Wah, dia telah tumbuh menjadi pria luar biasa yang pantas mendapatkan mata emas itu, tatapan mereka seolah berkata—seolah matanya yang terpenting, dan Yulan sendiri hanyalah hadiah tambahan. Saat mereka memujanya, mereka benar-benar lupa bagaimana mereka pernah menindas “pria luar biasa” seperti itu di masa lalu.
“Pertunanganku juga akan diumumkan, jadi kurasa akan ada pergaulan yang menyebalkan dalam waktu dekat,” gerutu Yulan.
“Bertahanlah, sobat.”
“Oh, diamlah.”
“Hei, aku hanya mencoba menghiburmu, kawan,” Gia terkekeh.
Yulan menatapnya tajam. Gia selalu membuatnya kesal, tapi hari ini ia sedang dalam performa yang luar biasa. Yulan ingin sekali memukul kepalanya, tapi ia tahu Gia tak akan merasakan sakit sedikit pun. Yulan mungkin lebih tinggi, tapi tak ada seorang pun di akademi ini yang bisa mengalahkan Gia dalam hal otot dan daya tahan.
Ia kesal mengakuinya, tetapi ia tahu mustahil ia bisa mengalahkan Gia dalam pertarungan. Karena mereka bukan musuh, pertarungan tak perlu, tetapi jika mereka berada di ring yang sama, Gia pasti akan mengalahkannya dengan mudah.
Ia riang, murah hati, dan tak terkekang. Ia telah melepaskan diri dari belenggu dan berani menjalani hidup dengan caranya sendiri; ia begitu bertolak belakang dengan Yulan sehingga tak ada satu pun hal yang bisa mereka pahami. Itulah yang membuat Gia mudah didekati sebagai teman, tetapi juga mengapa ia membuat Yulan kesal. Ia benci bagaimana perbedaan mencolok mereka seolah menghibur Gia.
“Ah—sebenarnya, ini waktu yang tepat,” kata Gia.
“Eh? Untuk apa?”
“Baiklah, setelah lulus, aku akan mengenalkanmu pada ayahku.”

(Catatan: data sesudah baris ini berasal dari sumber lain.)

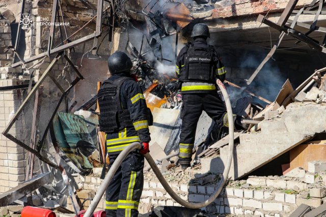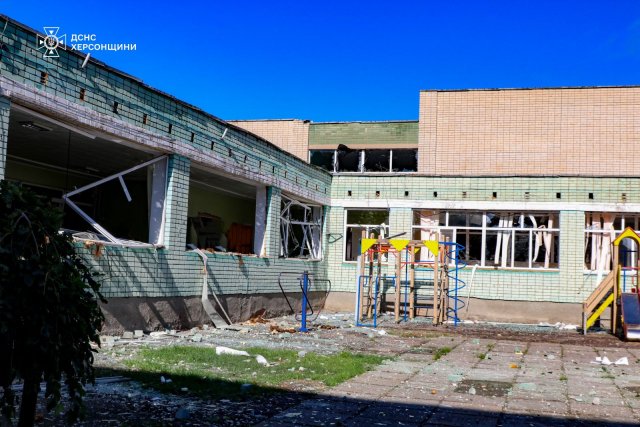 Вранці армія рф здійснила авіаудар по одному з районів міста. Від влучання керованих авіабомб частково зруйнована будівля навчального закладу, виникла пожежа.Про це повідомляє пресслужба ДСНС Херсонської області.
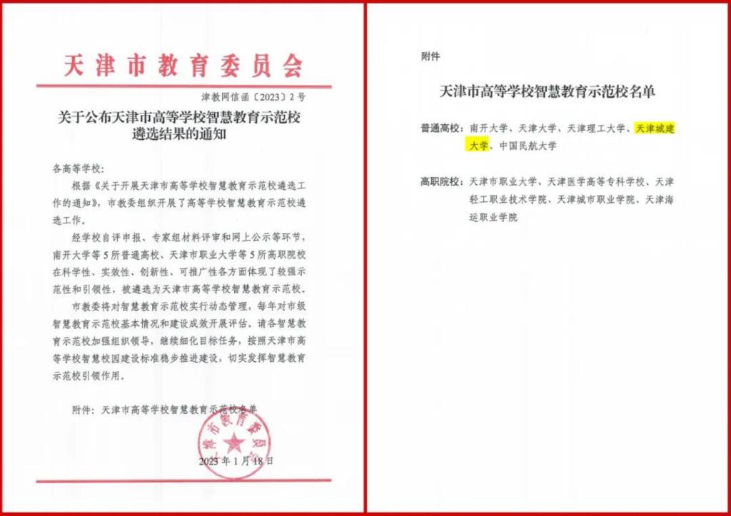 近日,天津市教育委员会下发《关于公布天津市高等学校智慧教育示范校遴选结果的通知》,beat365成功入选2022年度天津市高等学校智慧教育示范校。

“Hah…?” Tatapan Yulan yang lesu beralih dari pemandangan luar ke Gia, yang sedang menatap ke luar jendela di sampingnya. Bibirnya sedikit terbuka, menunjukkan keterkejutannya.

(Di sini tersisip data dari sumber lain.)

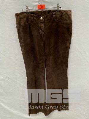 EXL WOMENS SUEDE PANTS, 'SASSY PANTS', BROWN, SIZE: 14, ORP: $320

Tatapan sinis dan tawa kecil dari Gia menyadarkannya dari lamunannya. Tatapan Yulan menajam tajam seperti belati tajam saat ia menatap mata Gia tajam, menuntut untuk tahu apa yang sedang direncanakannya.

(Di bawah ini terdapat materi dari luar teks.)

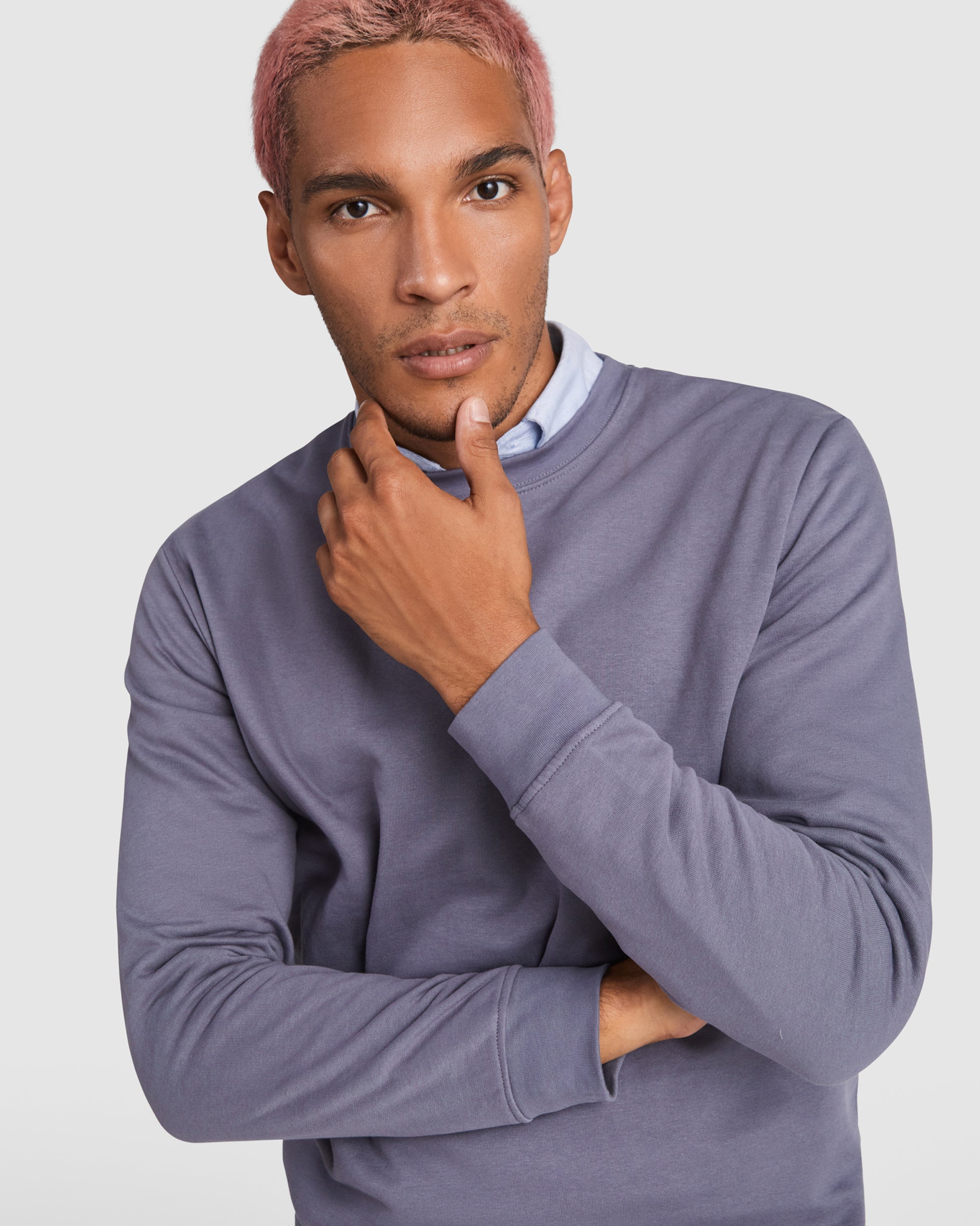 Sudadera de algodón con diseño clásico. Cuellos, puños y bajo con canalé 1x1. Cubrecosturas reforzado en el interior del cuello.

Tatapan maut Yulan justru membuat Gia terkekeh lebih keras. Akhirnya, ia tertawa terbahak-bahak. ” Sial , andai saja tatapan bisa membunuh! Ha ha!”
Sambil terkekeh tak terkendali, raut wajahnya polos dan riang, seperti anak kecil yang baru saja kena prank. Wajahnya yang kekanak-kanakan tampak semakin muda, yang justru semakin menyulut kecurigaan Yulan. Bisa dibilang Yulan memang punya kecenderungan seperti itu; tetap saja, memikirkan kecurigaan tentang Gia hanya buang-buang waktu.
Sambil tertawa keras lagi, Gia menjauh dari jendela dan menutup jarak sejengkal antara dirinya dan Yulan. Perbedaan tinggi badan itu membuat Gia mendongak menatap Yulan, tetapi selebihnya, jejak kepolosan masa kecilnya telah lenyap sepenuhnya.
Senyumnya penuh kegembiraan sampai-sampai terkesan sadis. “Yulan, aku tahu kau memanfaatkanku.”